In other words, the axis did not disappear. The place it’s needed shifted—reassigned from the middle to both ends. The product axis of “what to build” and the technical axis of “how to get it to production”—AI has taken over neither. It’s not that “you no longer need an axis”; it’s that even people without an axis can now start building. The entrance widened, but the exit (actually shipping to production) is unchanged.

This article starts from that picture—”only the middle got cheap”—and uses primary sources to examine, one by one, the chain of “with AI, you don’t need X” arguments: you can win shallow-and-broad / you don’t need an axis at all / just mass-produce / you don’t need juniors. They all land in the same place. AI amplifies people who have an axis and, conversely, sinks those who don’t.

This piece is a sister article in a trilogy. The structural argument for “can you actually succeed shallow-and-broad without building an axis” is covered in the main article, and “if AI does it, can checking be light?” is covered in the other sister article.

AI only made implementation cheap—the axis is reassigned to both ends

First, let’s clear up the biggest misconception: conflating “AI writes code” with “AI does development.”

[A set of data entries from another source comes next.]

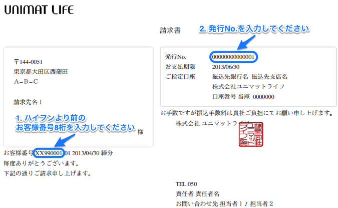 請求書をご用意頂き記入例に沿って入力願います。
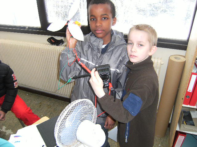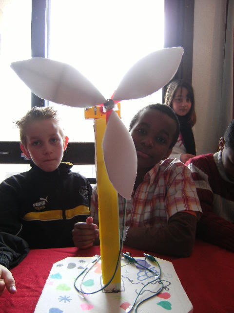 Mercredi, suite des expériences sur l’électricité et ensuite, place au projet ! Notre objectif a été de réaliser une éolienne. Nous nous sommes répartis en trois groupes pour avoir différentes éoliennes et pour pouvoir les comparer. La tâche n’est pas évidente mais nous avons tous les atouts en main ! Alors, avons-nous relevé le défi de produire de l’électricité grâce au vent ? Et tout était-il prêt pour la retransmission (présentation de nos travaux devant nos copains et devant les adultes du Centre) qui a eu lieu le samedi ? La réponse ci-dessous !
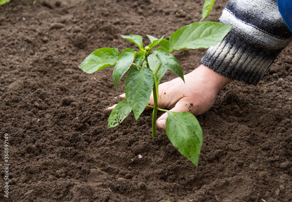 Fototapeta The man's hand burys the ground near the planted pepper plant
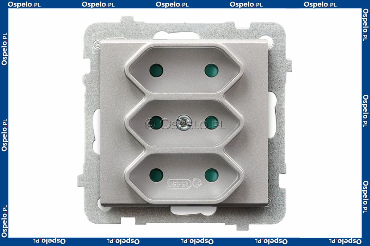 GP-3RP/m/38 Gniazdo potrójne na płaskie wtyczki z przesłonami torów prądowych 2,5A (Zaciski śrubowe) Srebro Mat Ospel Sonata - Widok z przodu
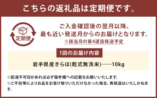 【6回定期便】 甘くてもっちり 岩手県産 きらほ 乾式無洗米 10kg (合計:60kg) 【2025年11月下旬~2026年9月下旬発送予定】 / 三右エ門 こだわりのお米 米 お米 こめ コメ ごはん ご飯 白米 ふるさと納税米 ブランド米 低アミロース米 岩手県 二戸市 常温
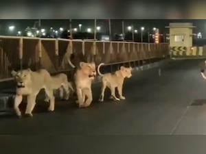According to a report in Times Now, the family of five lions including two cubs walked on the Pipavav Road and reached the port.
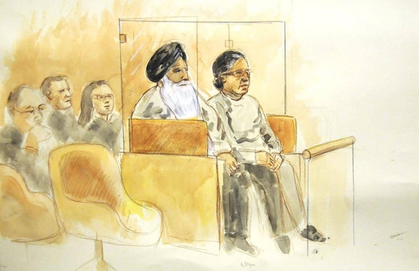 67-year-old Surjit Badesha and 63-year-old Malkit Sidhu are seen in this artist impression at B.C. Supreme Court.Sheila Allan
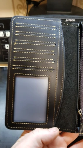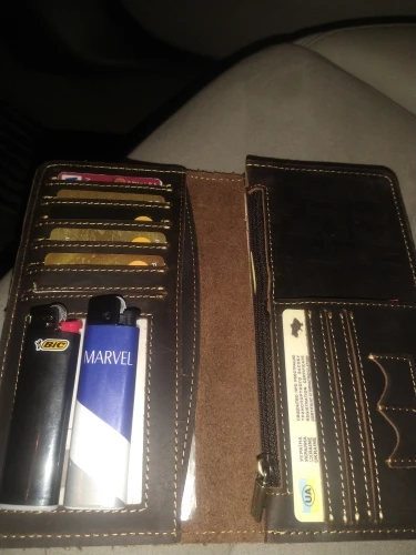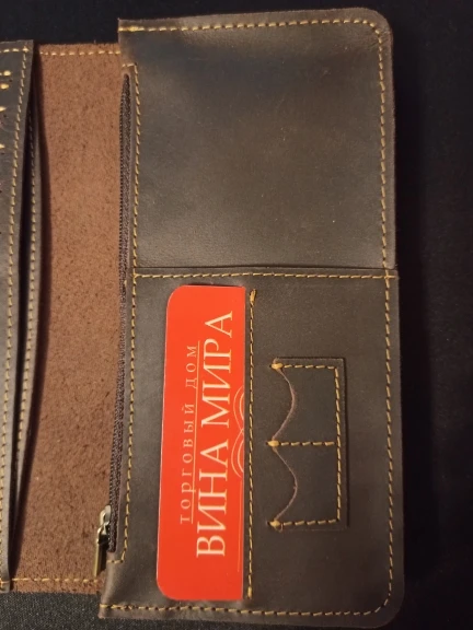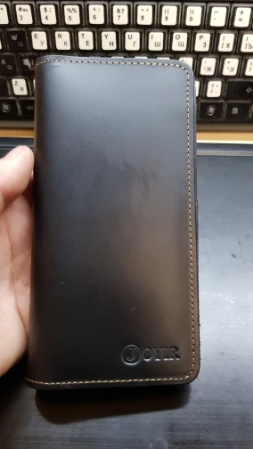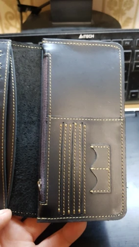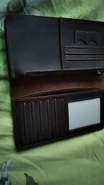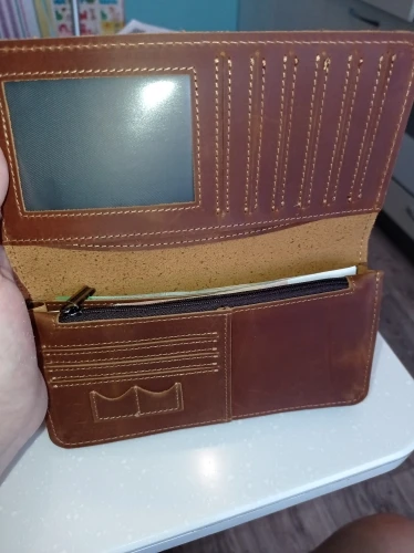 кошелек норм кожа не кожа я не разбираюсь но он топчик очень мягкий в местительный прям как на фото отсеки есть все очень удобно заказом доволен ну немного додлго шло ну а так всё ок нормальное качество нитак и ну и всё!

Writing code is only one part of the whole of software development. One consulting firm’s analysis reports that coding and testing make up 25–35% of the entire concept-to-launch pipeline, and that speeding that part up just pushes the bottleneck “downstream, into review, integration, and release”¹. Indeed, in shops where AI-generated code has grown, the load has moved to review and verification. In a survey of roughly 49,000 developers, the top frustration was fixing AI output that is “almost right, but subtly wrong,” and trust in AI accuracy actually fell².

This picture—”the middle gets cheap, both ends come to the foreground”—is starting to show up as a division of labor in the field. One SaaS company opened a coding agent to its entire staff (including product managers, designers, and support), and in 60 days 11 non-engineers merged 40 pull requests. But the operating rule was explicit: non-engineers and agents create the code; engineers review and merge it. Direct access to production infrastructure, deploying without review, and access to sensitive data are all off-limits to non-engineers³. “Building” was democratized, but “finishing to production quality” stayed with engineers—the people who hold the technical axis.

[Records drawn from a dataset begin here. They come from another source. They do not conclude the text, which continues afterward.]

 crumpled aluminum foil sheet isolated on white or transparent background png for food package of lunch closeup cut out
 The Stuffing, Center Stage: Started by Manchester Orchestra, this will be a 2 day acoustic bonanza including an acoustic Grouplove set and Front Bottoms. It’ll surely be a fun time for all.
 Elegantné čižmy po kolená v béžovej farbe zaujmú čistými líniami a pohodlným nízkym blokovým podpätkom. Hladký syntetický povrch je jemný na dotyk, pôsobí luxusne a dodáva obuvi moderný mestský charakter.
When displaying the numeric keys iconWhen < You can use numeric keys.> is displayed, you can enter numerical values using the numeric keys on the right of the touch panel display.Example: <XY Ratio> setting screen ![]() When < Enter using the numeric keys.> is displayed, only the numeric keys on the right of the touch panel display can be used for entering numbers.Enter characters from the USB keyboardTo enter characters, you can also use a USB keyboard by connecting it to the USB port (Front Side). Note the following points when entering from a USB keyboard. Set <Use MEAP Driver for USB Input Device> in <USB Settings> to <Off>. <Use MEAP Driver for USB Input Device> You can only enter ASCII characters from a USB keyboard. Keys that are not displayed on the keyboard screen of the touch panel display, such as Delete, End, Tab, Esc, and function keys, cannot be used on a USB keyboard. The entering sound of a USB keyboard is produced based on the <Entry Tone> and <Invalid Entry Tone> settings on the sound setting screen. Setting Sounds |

The well-known engineer Simon Willison has named and framed this shift “vibe engineering.” Now that anyone can produce code with AI, an engineer’s differentiator has moved from writing code to engineering discipline: planning, specs, testing, review, productionization, and accountability. In his words: if you review the LLM-written code, test it thoroughly, and can explain how it works, then that isn’t vibe coding—it’s software development⁴.

And what’s easily missed is the other end—“what to build” needs an axis too. The reason non-engineers can crank out “good” prototypes at blistering speed is precisely that they hold an axis of understanding for users and the product. Throw a vague instruction at it, and AI fills the gaps with its own assumptions, and the result collapses⁵. The ability to define requirements precisely and judge what is worth building—that is exactly what this article’s sister, the main piece, calls the non-technical axis.

To sum up: what AI made cheap is only the middle, implementation. Both ends—”what to build” (the product axis) and “how to get it to production quality” (the technical axis)—have not gotten cheaper. So—

• If the builder holds the technical axis (an engineer), the axis is baked in from the start, and one person can carry it all the way to production. The distance from prototype to production is short.
• If the builder lacks the technical axis (a non-engineer / raw AI output), the axis shows up downstream as a division of labor. Someone has to finish it.

Either way, the total amount of axis does not disappear; only where you invest it changes. A person who truly holds no axis at all—neither a product axis nor a technical axis—can’t even make a good prototype with AI, let alone finish it for production.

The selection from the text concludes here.